Archives » Recherches et publications

ToutEduc met à la disposition de tous les internautes certains articles récents, les tribunes, et tous les articles publiés depuis plus d'un an...

Qu’est-ce qu’on attend pour lire aux bébés? (article scientifique)

Paru dans Petite enfance, Scolaire, Périscolaire, Culture le lundi 27 janvier 2020.

"Qu’est-ce qu’on attend pour lire aux bébés?" demande Cécile Boulaire (université de Tours) qui propose une synthèse de l'histoire de la lecture aux tout petits aux USA, en France et dans plusieurs pays européens sur le site "Album 50".

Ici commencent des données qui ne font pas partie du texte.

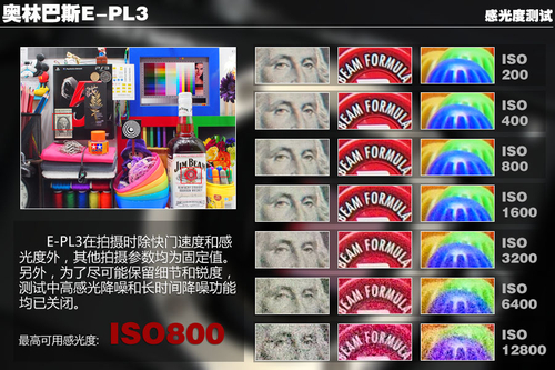 从测试结果看,E-PL3在ISO400及以下的画面锐度及细节表现非常不错,ISO800时的画面出现轻微颗粒感,但锐度和细节几乎没有损失。当感光度达到ISO1600时,颗粒感使得画面细节有所损失,并且此时出现了轻微的色彩漂移问题。从ISO3200开始到ISO12800,E-PL3的画面整体色调开始偏向紫色,且色彩漂移也变得越来越严重,ISO3200下的样本仅适合在桌面尺寸下查看,而ISO6400和ISO12800两档感光度则没有实用价值。

En 1979 en France, un colloque est consacré à l’apprentissage de la lecture à l’école et trois psychiatres et psychanalystes, René Diatkine, Tony Lainé et Marie Bonnafé dressent à cette occasion le constat "que les difficultés des enfants qu’ils reçoivent en thérapie sont notamment liées à un déficit d’histoires entendues : les enfants ne disposent pas de la 'langue du récit' qui permet de se repérer dans une histoire, puis de se raconter soi-même, enfin d’entrer dans les apprentissages et dans la lecture". Ils créent ACCES, Actions culturelles contre les exclusions et les ségrégations et en 1982, "les animatrices lecture d’ACCES arrivent dans les PMI, dans les squares et les cours d’immeuble, avec leurs albums, et s’installent pour raconter".

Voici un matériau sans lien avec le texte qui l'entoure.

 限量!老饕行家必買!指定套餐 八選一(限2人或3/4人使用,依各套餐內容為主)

Aux Etats-Unis, à Boston, en 1989, deux pédiatres et une éducatrice de jeunes enfants "imaginent un dispositif inédit pour lutter contre les problèmes croissants d’accès à la culture écrite et d’illettrisme, notamment dans les familles pauvres". Ils inventent "Reach Out and Read" (tends la main et lis) : "Il s’agit de coupler prévention et suivi médical d’un côté, acculturation au livre et à l’écrit de l’autre, tout au long du suivi pédiatrique des jeunes enfants accompagnés de leurs parents."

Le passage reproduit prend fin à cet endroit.